__ASSIGNED TASK__. If a picture appears, leave it out, and reproduce exactly the lines from the start of the listing below through the one bearing "Add a playful".

__RECORDED DATA__.
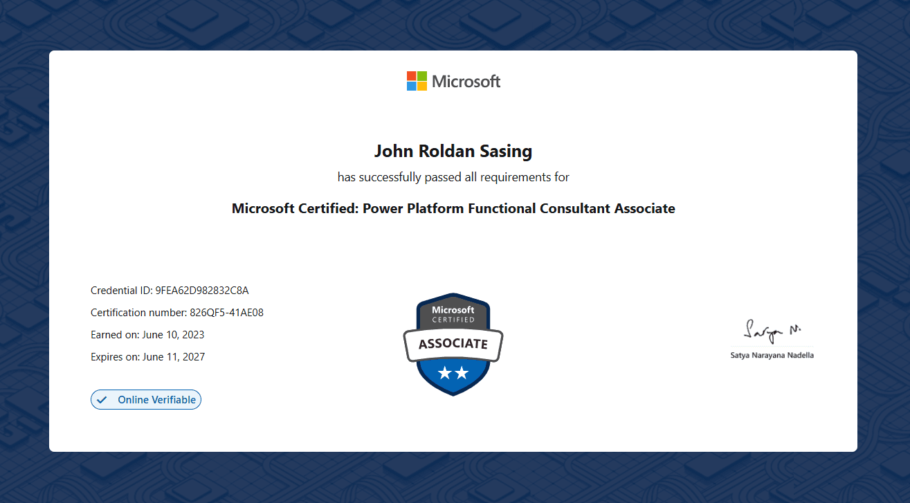 Certification for configuring and extending Power Apps, Power Automate, and Dataverse for business solutions.
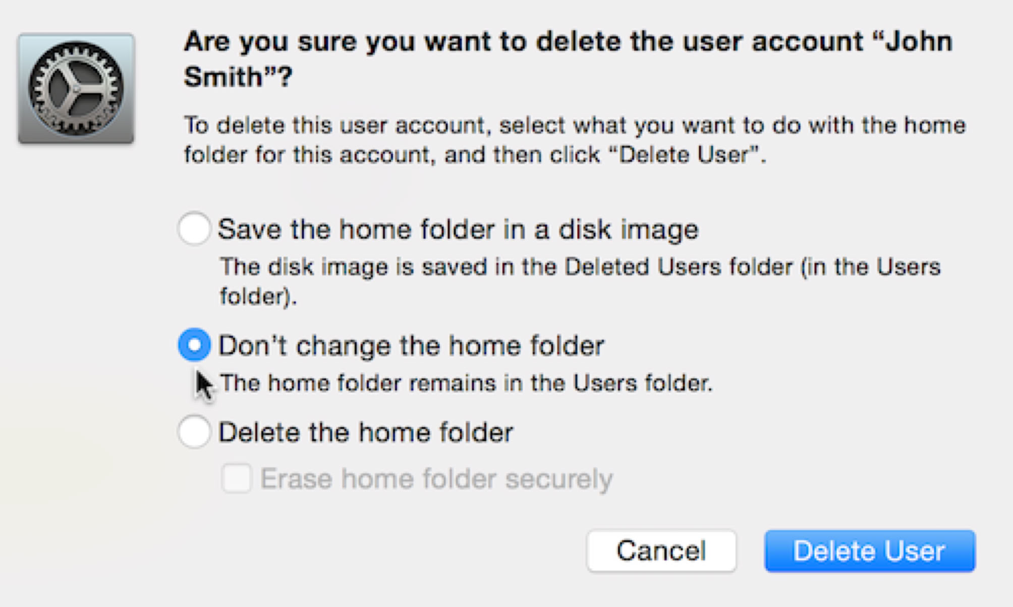 By doing this you’re removing the user from the system directory, but keeping the user content on your computer.
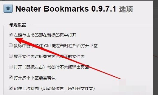 6、在打开的NeaterBookmarks选项页面中,我们选中“左键单击书签即在新标签页中打开”前面的复选框,最后点击确定按钮即可。这样我们以后再点击书签中的网址时就会用新标签页打开了。
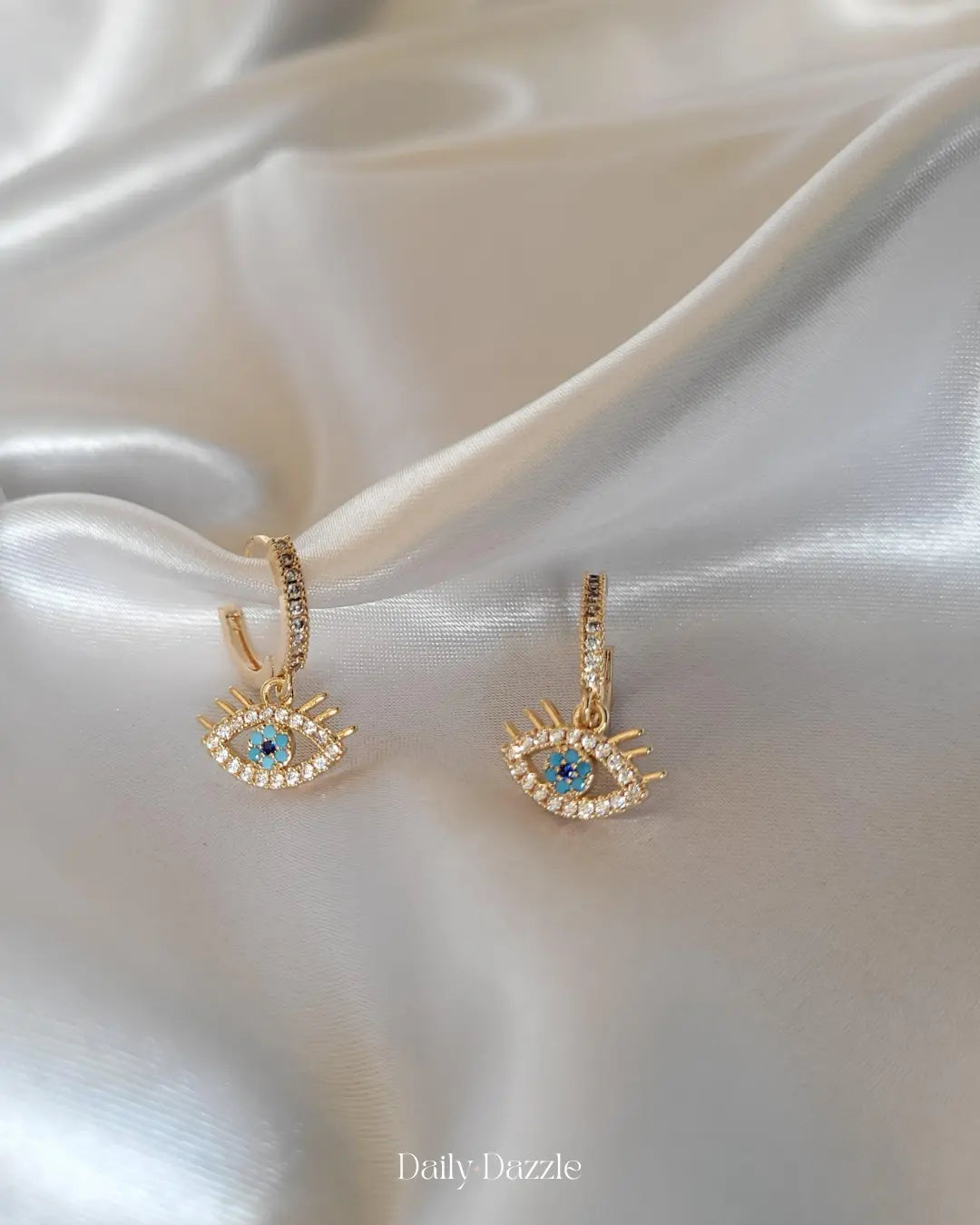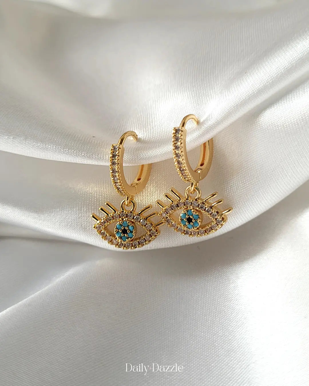Add a playful yet powerful touch to your look with our Evil Eye Charm Hoops — a symbol of protection and timeless style. These delicate 18K gold-plated hoops feature intricately designed evil eye charms, adorned with sparkling white stones and a pop of turquoise at the center. Perfect for warding off negativity while making a bold fashion statement.
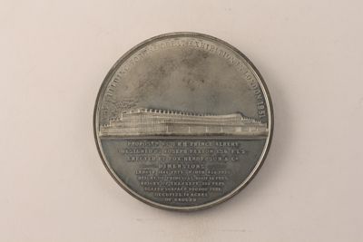 Medaglia realizzata per commemorare la Exhibition of Industry of All Nations tenutasi a Londra dal 01 maggio al 15 ottobre 1851, prima Esposizione Universale, organizzata dal principe consorte Alberto di Sassonia-Coburgo-Gotha (1819-1861), effigiato al recto della medaglia. L'evento si colloca nel contesto della Rivoluzione industriale europea e nell'affermarsi delle Esposizioni universali come una vetrina internazionale della potenza industriale e coloniale di un paese. La medaglia raffigura una rappresentazione del Crystal Palace di Londra, edificio in acciaio e vetro inaugurato nel 1851 come padiglione espositivo dell'Esposizione in Hyde Park, a Londra. Fu in seguito ricollocato a Sydenham Hill nel giugno 1854 e sopravvisse fino al 1936, quando fu distrutto da un incendio. Il palazzo era di dimensioni imponenti e rappresentava la massima espressione dell'architettura inglese dell'epoca della Rivoluzione industriale. La medaglia celebra l'edificio come il trionfo della modernità, insistendo nell'iscrizione al verso in particolare sulle sue imponenti dimensioni e la sua estensione.
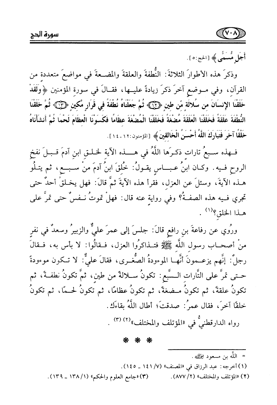 وذكرَ هذه الأطوارَ الثلاثةَ: النُّطفةَ والعلقةَ والمضعةَ في مواضعَ متعددةٍ من

__EXERCISE SOLUTION__.
 Certification for configuring and extending Power Apps, Power Automate, and Dataverse for business solutions.
 By doing this you’re removing the user from the system directory, but keeping the user content on your computer.
 6、在打开的NeaterBookmarks选项页面中,我们选中“左键单击书签即在新标签页中打开”前面的复选框,最后点击确定按钮即可。这样我们以后再点击书签中的网址时就会用新标签页打开了。
Add a playful yet powerful touch to your look with our Evil Eye Charm Hoops — a symbol of protection and timeless style. These delicate 18K gold-plated hoops feature intricately designed evil eye charms, adorned with sparkling white stones and a pop of turquoise at the center. Perfect for warding off negativity while making a bold fashion statement.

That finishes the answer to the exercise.